Horse Sense #86

Changing Your View, Part 2--Backup Isn't Important, Restore Is


For the first part of this article see:

Let's look at managing information from a garbage in, garbage out point of view.  Don't take garbage in!  It seems simple, doesn't it.  But it might be harder than you think.  I used to program payroll and personnel databases for companies.  They wanted to know absolutely everything about their employees.  They felt that having a computer gave them the power to find out anything they needed to know instantly.  They were very wrong.  It takes a lot of time and effort to collect information, to validate it, to store it, and to run reports on it.  Frankly, if it didn't matter to their paycheck, people didn't care what the database said about them, so the data (not information) was wildly inaccurate.  Even compliance oriented information like sex, age, and race in the watchdog agency's database where I worked couldn't be trusted because the individual employees didn't care about it.  It had nothing to do with their day to day lives or their paychecks.  So, be very careful about what you collect and store.  The less you collect, the less you have to manage, the more likely it is to be right, and the less it will cost to maintain over time.  Even databases that you would think would have a lot of attention paid to them are often wildly off base.  Don't think so?  There are three major consumer credit reporting agencies in the US.  You would think all of their information would be the same and that none of the information would be erroneous.  From examining my own reports, I can tell you that this is a false assumption: is a way you can get free copies of your credit report.  Many times the only way bad database information like this is corrected is if someone is denied credit and then complains.  Then it might be too little, too late.  So, when you are collecting information, consider how much you really need and how you are going to manage it.  One good tip.  If it is sensitive information, like a social security number, credit card number, or personal health information see if you can do without recording it at all to avoid possible liability.

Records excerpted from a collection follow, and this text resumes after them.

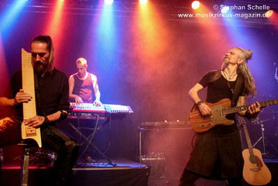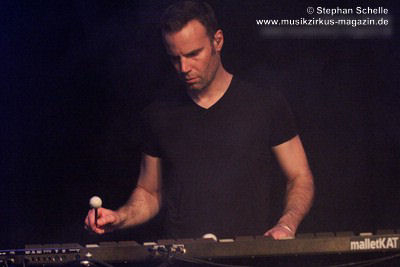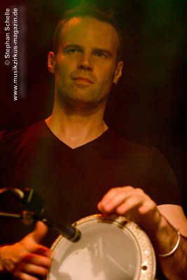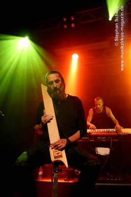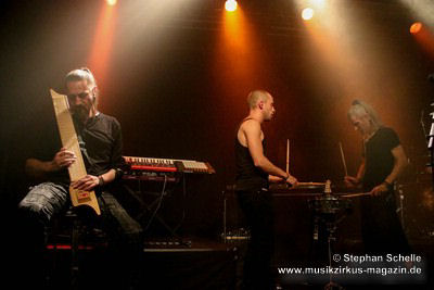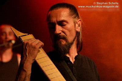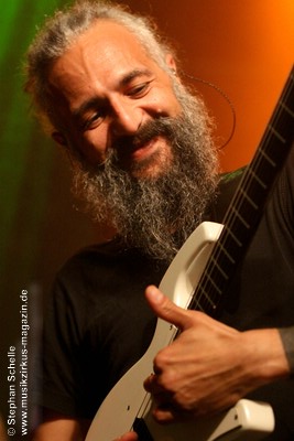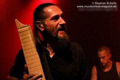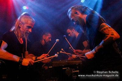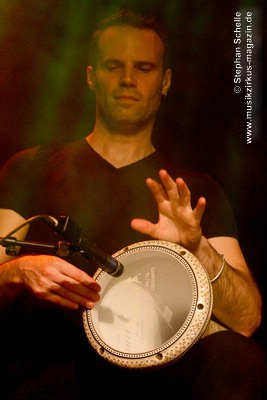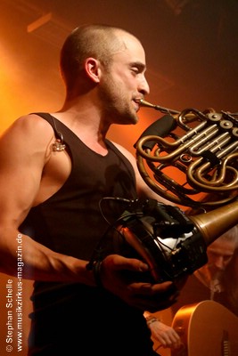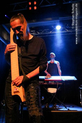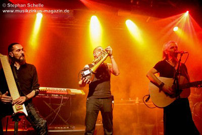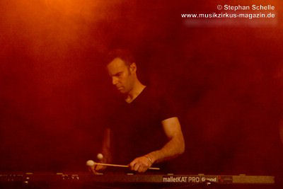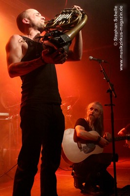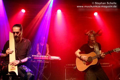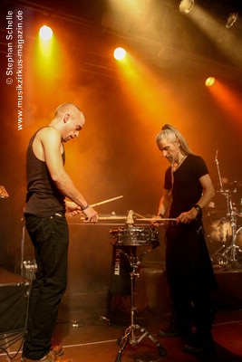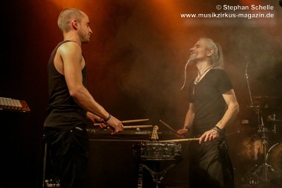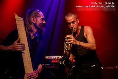 In einem Stück stellten sich Dominique und Romain an eine Snaredrum die sie mitten auf der Bühne platzierten und spielten sie gemeinsam um so den Druck des Schlagzeuges noch zu erhöhen. Das war nicht nur musikalisch sondern auch visuell ein echter Höhepunkt. Auch an ihren Instrumenten brillierten die Fünf. Wenn Romain das French Horn spielte, das er durch ein elektronisches Gerät verfremden konnte, holte er beispielsweise die unglaublichsten Sounds aus diesem Instrument heraus. Mal klang sein Blasinstrument nach einem Didgeridoo, im nächsten Moment klang es nach einem Horn und wenig später völlig anders. Dabei unterstützte er den Sound von Lazuli vor allem in den Passagen, in denen ein leicht arabisches Flair mit eingebaut wurde. Cédéric wirbelte währenddessen auf den Saiten seiner E-Gitarre oder bearbeitete sie mit einer gerade von ihm ausgetrunkenen Bierflasche (das nenne ich direkte Bottleneck-Technik). Und auch Claude zauberte wieder tolle Klänge aus seiner Leode, während Dominique wie ein Derwisch über die Bühne huschte. Bei einem Stück stieg Dominique dann von der Bühne und spielte direkt davor zwischen den Zuschauern weiter.
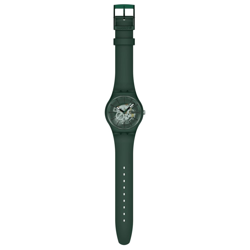 L'orologio Swatch Revealed In The Forest combina design sostenibile e funzionalità con il suo quadrante verde e cinturino biosourced.
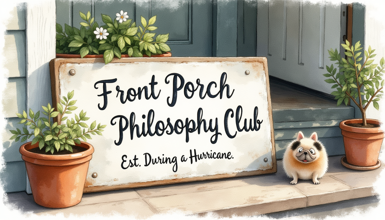 a whimsical decorative sign reads 'Front Porch Philosophy Club – Est. During a Hurricane,' painted in a playful script.
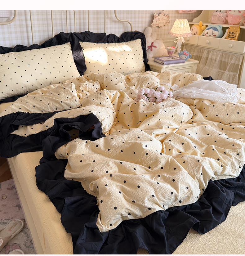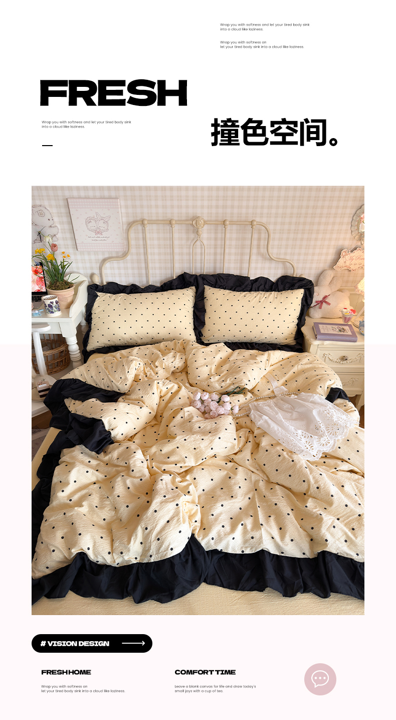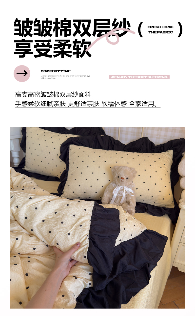 当前位置: 91家纺网 > 商品网购 > 床品套件 > 四件套 > 双层纱四件套 > 优卡迪家纺馆 2026新款皱皱棉双层纱黑花边四件套下载文件包含买家秀 波点生活-奶黄
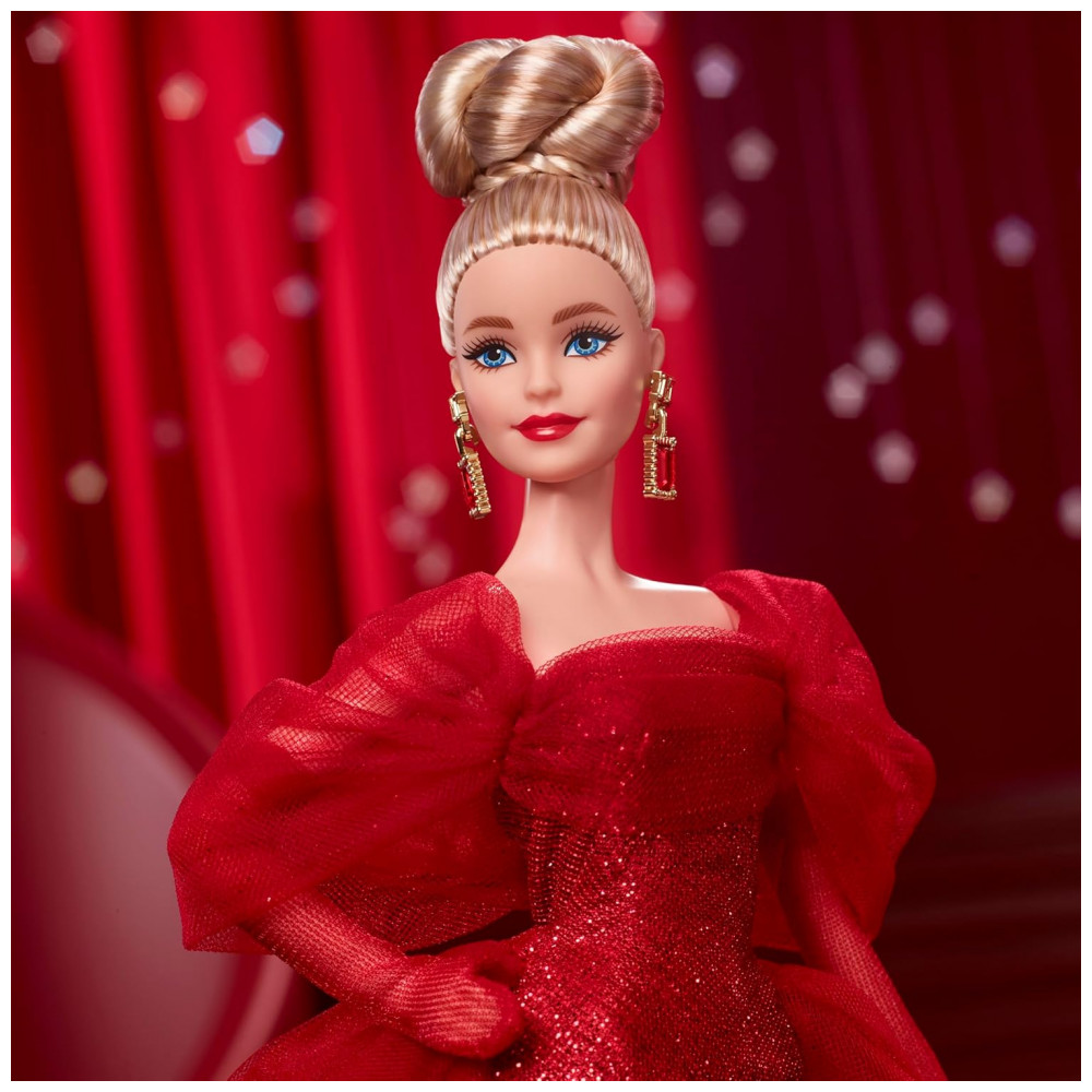 Esta boneca colecionável Barbie Signature celebra os 80 anos da Mattel em uma proposta de exibição sofisticada, com foco em acabamento detalhado e visual de gala. A peça apresenta vestido longo em tule vermelho com brilho, mangas em laço volumoso e cauda com sobreposição em tule, compondo um visual de tapete vermelho para vitrines e prateleiras de colecionadores.
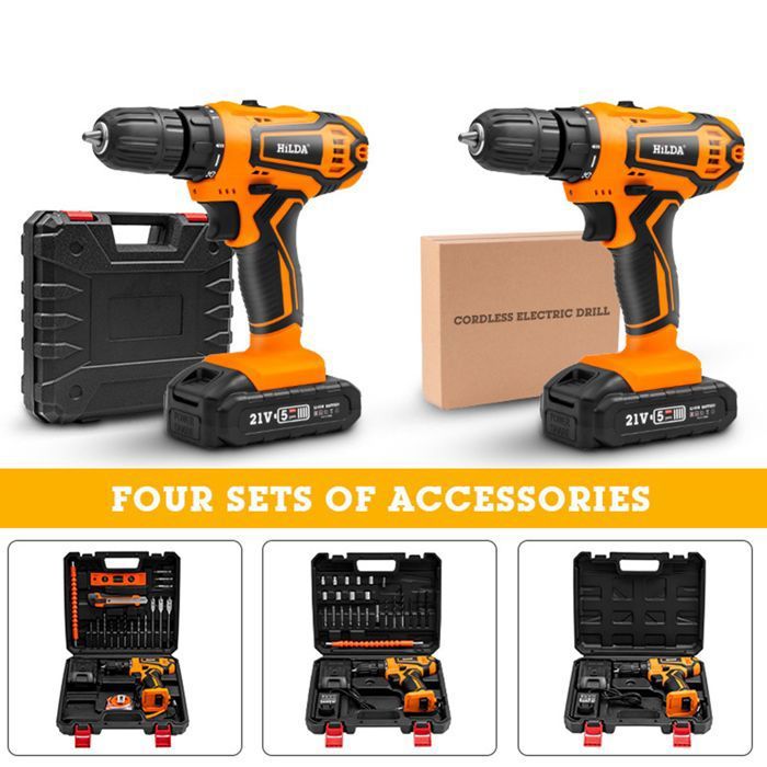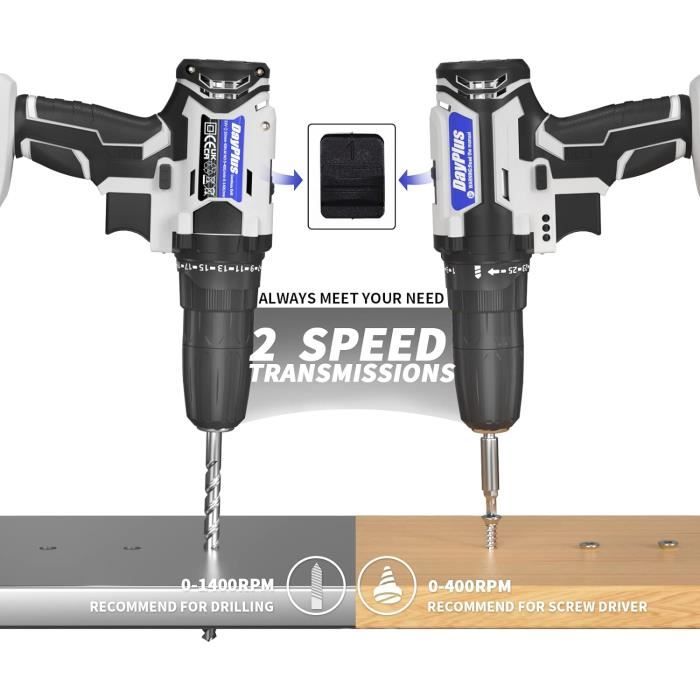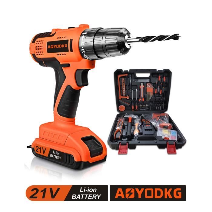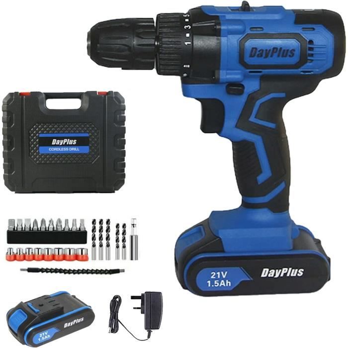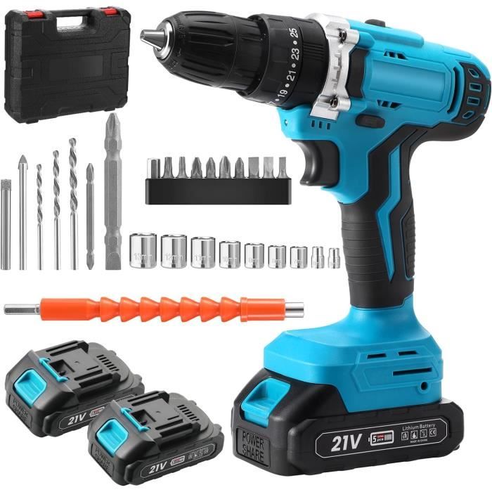 Kit Perceuse Batterie 21v Perceuse Visseuse Sans Fil 21V - Kit Avec 2 Batteries, 45N.m, 25 1 Positions, 29 Accessoires Perceuse Bricolage Couple 45N.m

OK, so we can see conceptually how we can decrease the amount of data we need to back up and yet be able to restore what we need.  Still, we have to deal with the fact that people are storing more and more information on their computer each year.  What do we do?  Since more of our lives are dependent on what we do on our computers, the answer isn't to back up less.  In fact, we want to make sure we can restore as quickly as we can while losing little information that we might have to regenerate.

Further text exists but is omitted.